Adeena Karasick, Bowery Poetry Club, 3.14.09
Adeena Karasick provided sustained tonal variation and a broad sense of overall contour with more fun, funny, exuberant, "performatively-oriented" giving-a-shit about the audience than I was prepared for. It was the best reading I've seen her give. This is not a situation where you show up to listen and prove you care about poetry despite the lack of aptitude or interest the poet shows in getting the material over to you. Karasick cares enough to put on a good show and she wants to be loved and is going to damn well prove to you that you should love her, at least for as long as she's on the stage.
Clearly she gives slam poets a run for their money, and I don't consider slam performance anything to sneeze at.
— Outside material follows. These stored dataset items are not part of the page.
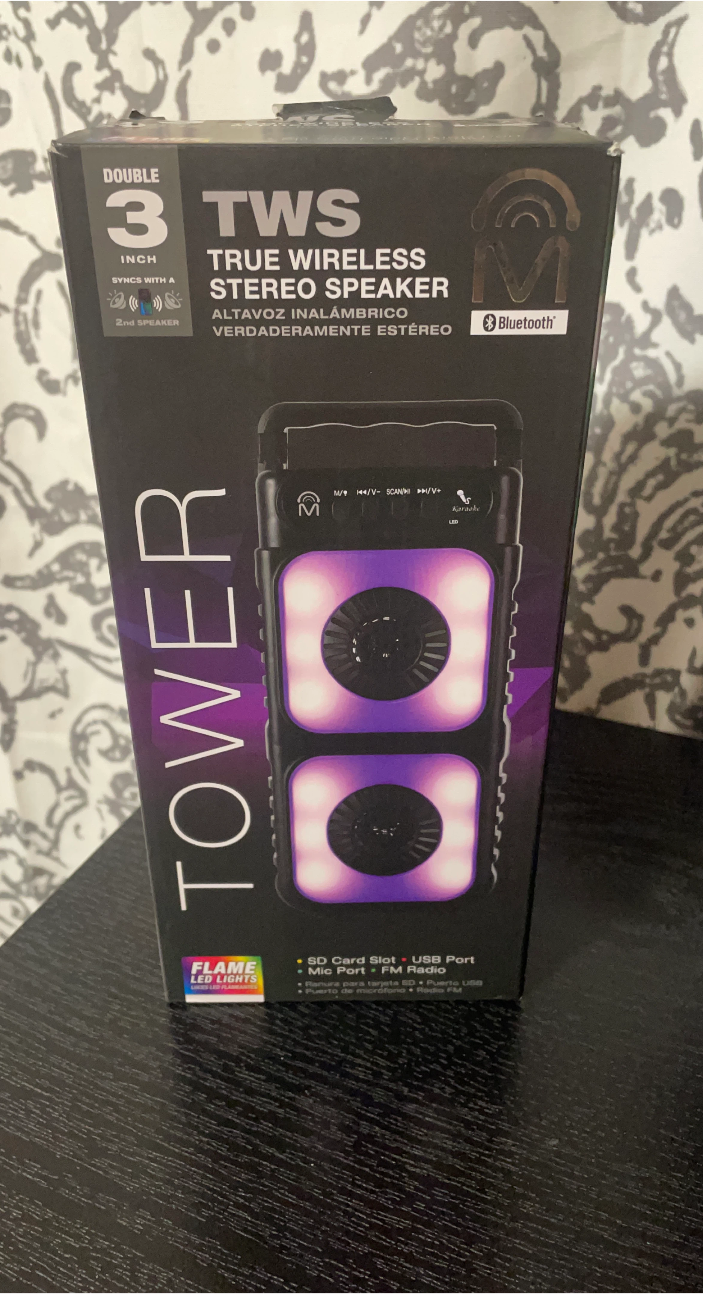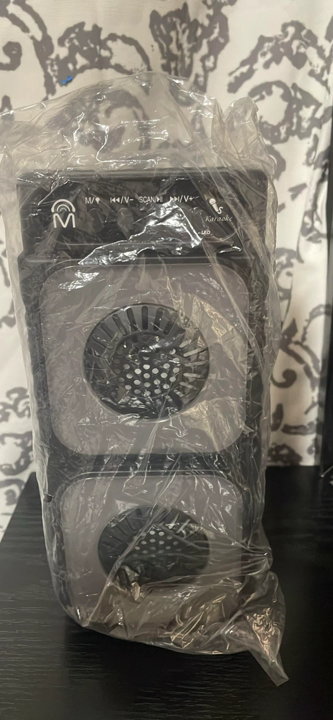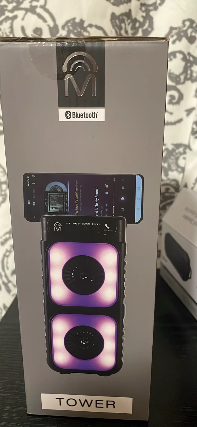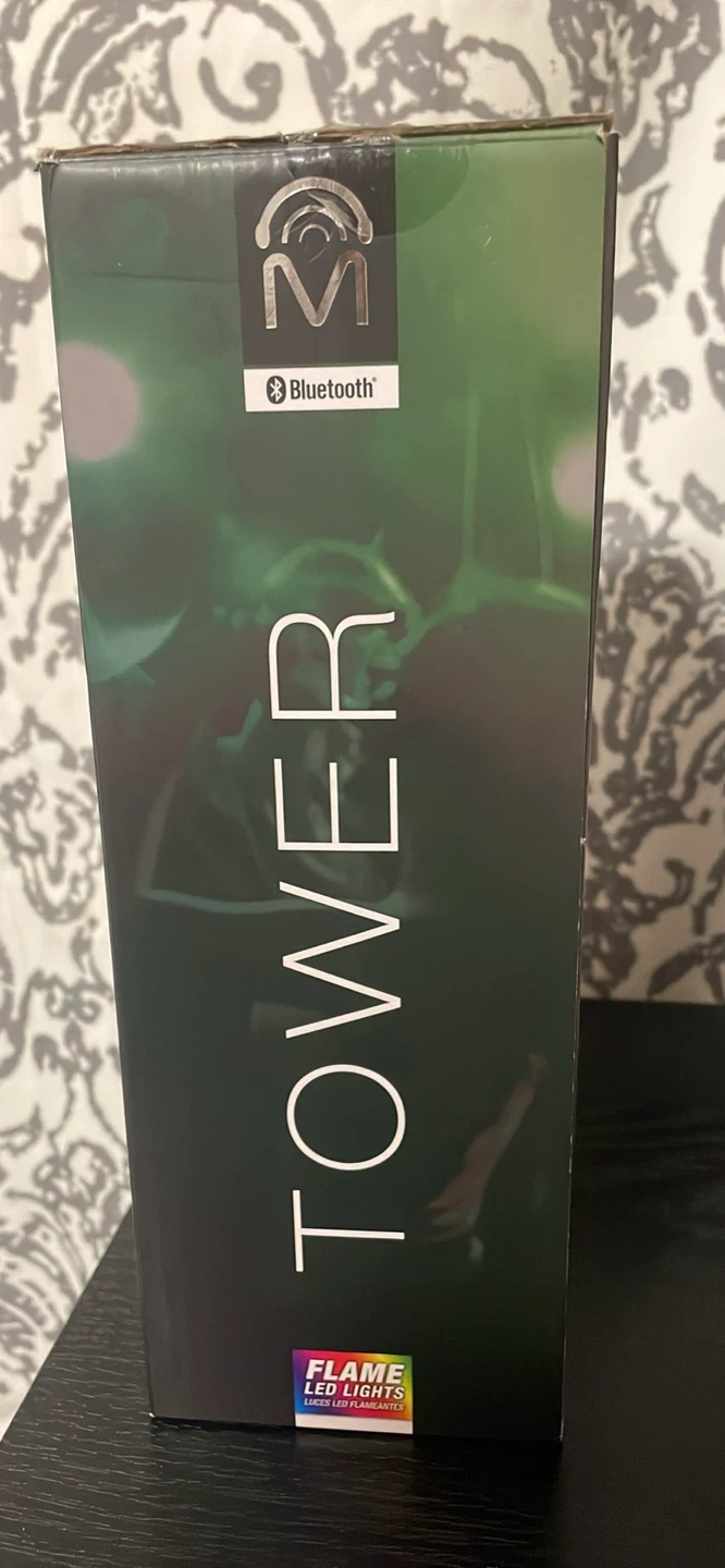 25Selling a Tower TWS True Wireless Stereo Speaker! It features double 3-inch speakers and Bluetooth connectivity. The speaker also has flame LED lights for a cool visual effect. Key features include: - SD card slot - USB port - Mic port - FM radio It also comes with a micro USB charging cable and user manual. Dimensions are 115x92x276mm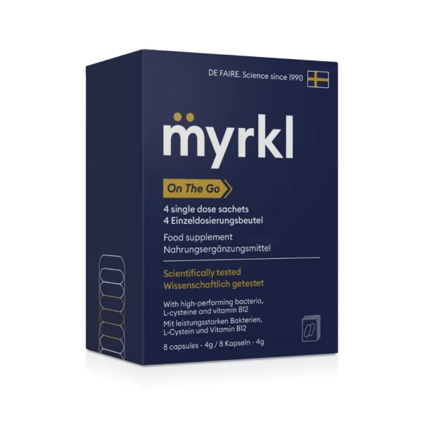Myrkl kapsule so prehransko dopolnilo, ki temelji na znanstveni formulaciji, razvitih na Švedskem. Izdelek združuje ključne sestavine, kot so fermentirani riževi otrobi, ki vsebujejo probiotike Bacillus Subtilis in Bacillus Coagulans, ter vitamin B12 in L-cistein. Ta mešanica mikrohranil je zasnovana za izboljšanje splošnega počutja, spodbujanje zdrave prebave in podporo imunskemu sistemu. Myrkl je primeren tudi za vegane in vegetarijance, saj ne vsebuje živalskih sestavin.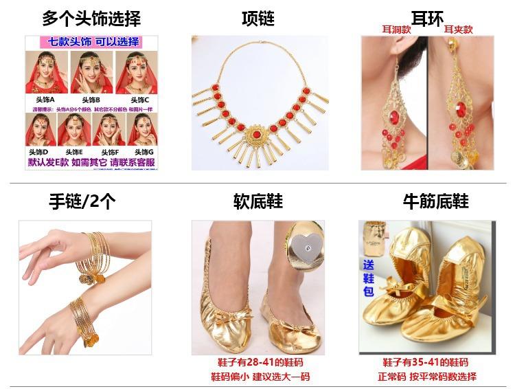 Top + pantalón + tocado + velo+Cadena de cintura+Collar+Aretes+Paquete de 2 pulseras+Zapatos de suela blanda
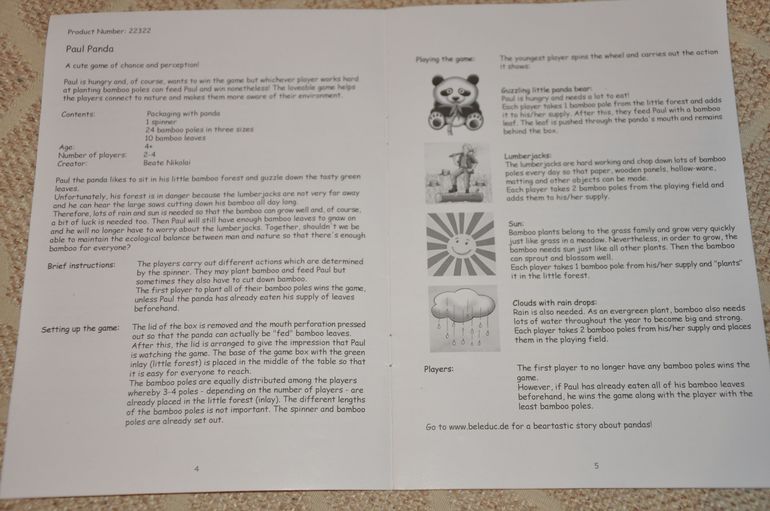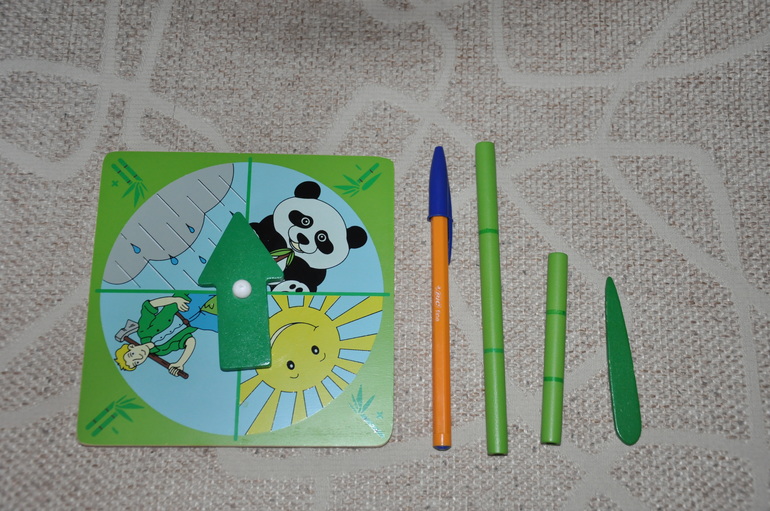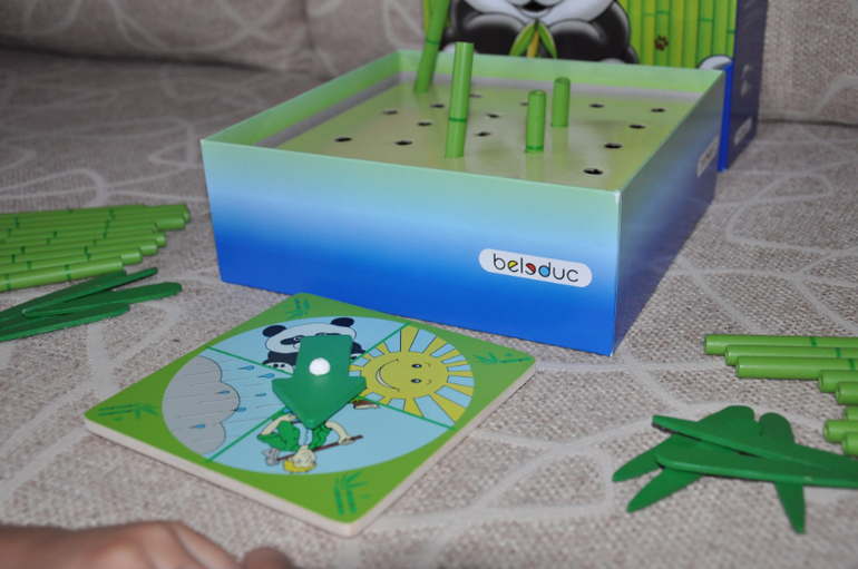 Перед началом игры "сажаем" несколько стеблей бамбука на "поле" (длина стеблей не имеет значения), остальные стебли и листья делим между игроками. Коробку с пандой ставим так, как будто панда за нами наблюдает (так прямо в инструкции и написано)))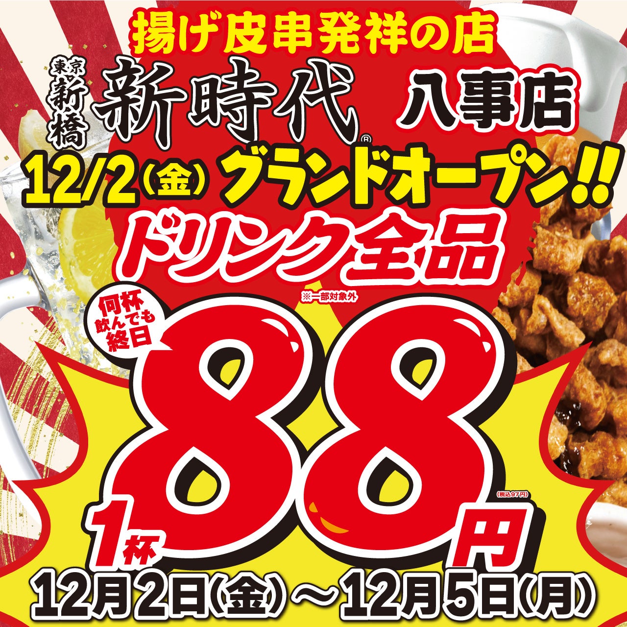 「新時代 八事店」のオープンを記念し、ドリンク全品を1杯88円(税込97円)でお楽しみ頂けるキャンペーンを開催します。
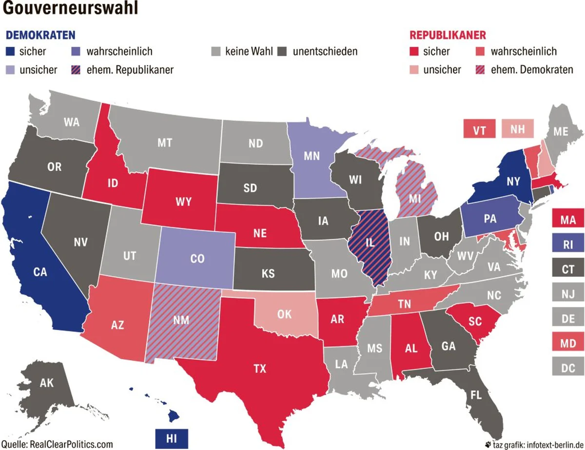 Die meisten Wahlanalysten gehen davon aus, dass die Demokraten eine Mehrheit im Repräsentantenhaus erringen können, der Senat aber in republikanischer Hand bleibt oder die Republikaner ihre Mehrheit dort sogar ausbauen können. Bei den Gouverneuren rechnen sich die Demokraten gute Chancen aus, den Republikanern bis zu 8 Posten abjagen und damit künftig in 24 Bundesstaaten regieren zu können. (pkt)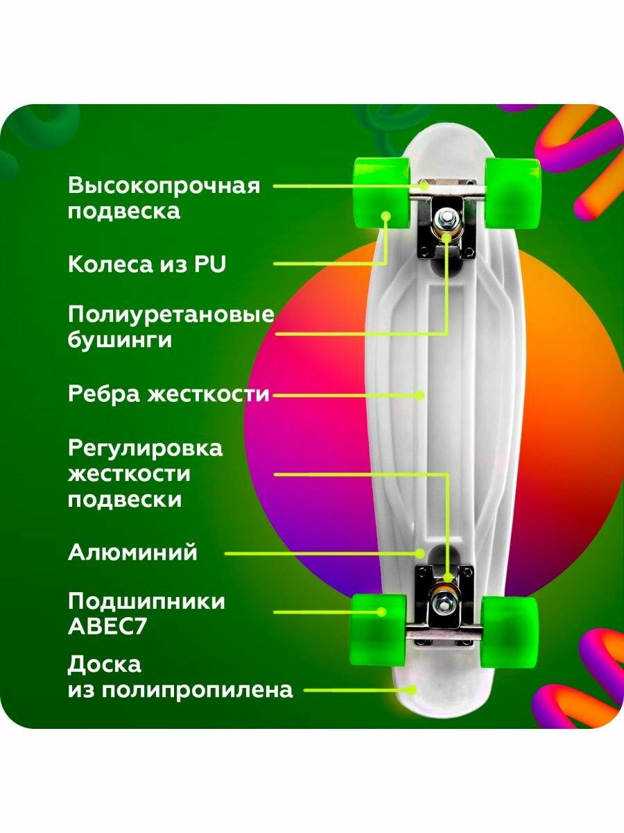 Скейтборд пенни борд доска круизер для детей с полиуретановыми колесами 58х45 мм интересное: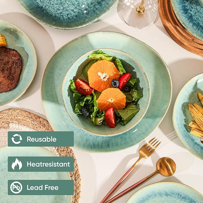 - Microwave, Dishwasher, and Oven Safe: Enjoy versatile use—reheat meals, bake sides, or clean up effortlessly. This dinnerware set combines modern design with practical convenience, making your everyday dining stylish, safe, and simple.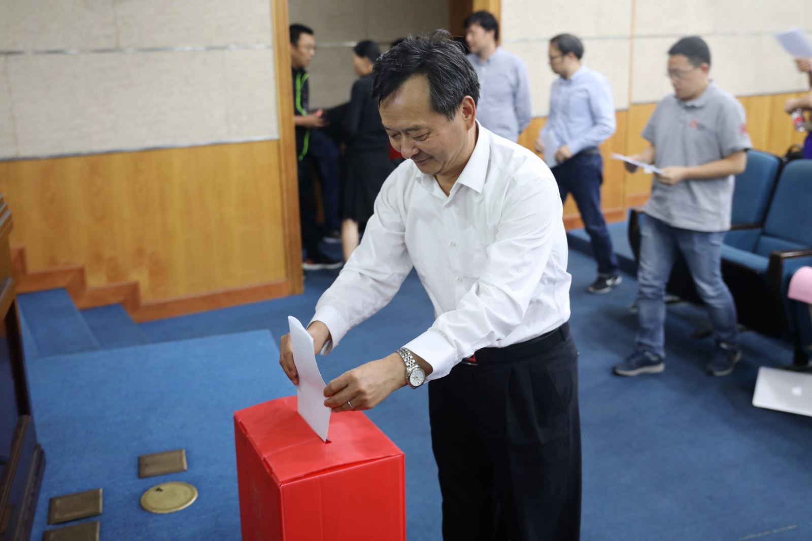 学院党委副书记曹桂涛就学院第四届工会换届工作做详细介绍。随后,大会表决通过了选举方案并选举产生了学院新一届工会委员。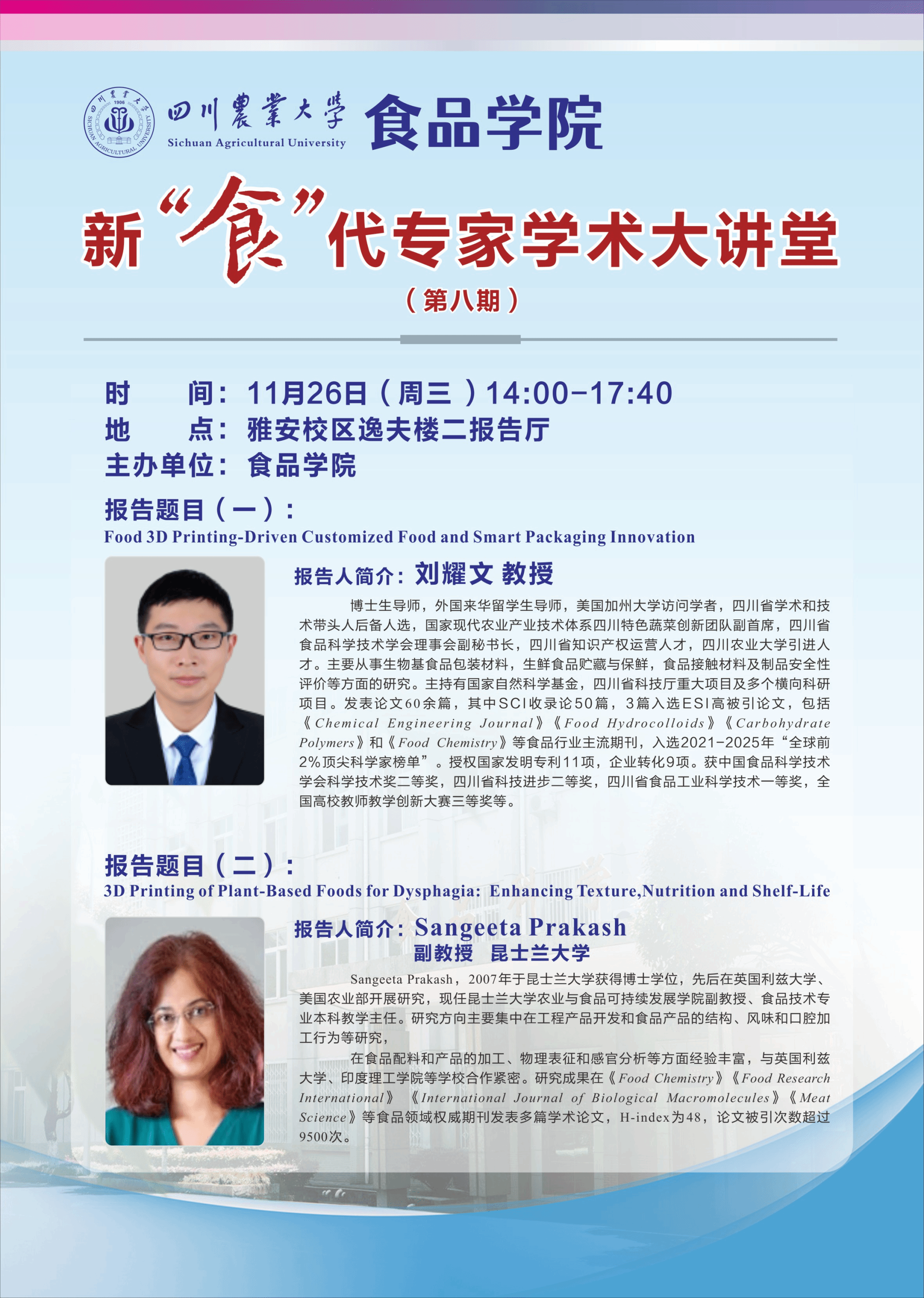 导航痕迹 四川农业大学 食品学院 首页 通知公告 正文 学院新闻 通知公告 新“食”代专家学术大讲堂—Food 3D Printing-Driven Customized Food and Smart Packaging Innovation 3D Printing of Plant-Based Foods for Dysphagia: Enhancing Texture,Nutrition and Shelf-Life 2025年11月25日 09:12 点击:[] 上一条:新“食”代专家学术大讲堂——国家自然科学基金申请的注意事项和经验分享 下一条:新“食”代专家学术大讲堂——四川省食品科技创新发展趋势与策略 【关闭】

She's a sometimes compelling and explosive ham on the same level of talent as say, Edwin Torres, and she has the dangers and challenges that come along with this fact. I could feel her fighting to not fall into a formula, which I've seen her do, and the energy this fight released infused the room with a kind of humming expectant warmth that destroyed any trace of the lingering dread which sometimes creeps upon me at a poetry reading that I might be facing new variations on the old tune of fatigue-inducement as indicator of poetic seriousness and value. Not a bit of it, folks.
There were two highlights. One a flarfy search and replaced dating advice poetics repurposing of The Rules. So much of Flarfiness is sustainability, cultural repurposing, recycling, and finding alternate poetic energy sources. A kind of eco-poetry. (cue John Latta tantrum!) The prose rhythm of this new piece shows that Karasick can deploy tonal effects keyed directly to placement and shifts in content, even though much of her work is pitched from a place where the performance insists on it's modulations despite or against variations in material the way someone might insist you join them for a drink after work tomorrow and you know they might or might not show up, leaving you with plenty to think about either way. Mixing these approaches broadened the performance horizon considerably. The other high point, and the outro, was also a detournment, this time of the Dance Pop Obama Girl, pulled from the landfill and remade into a hilarious love song "I've got a crush on Osama," as good as anything on John Stewart or the Kootenay channel. It's amazing what one word change can lead to.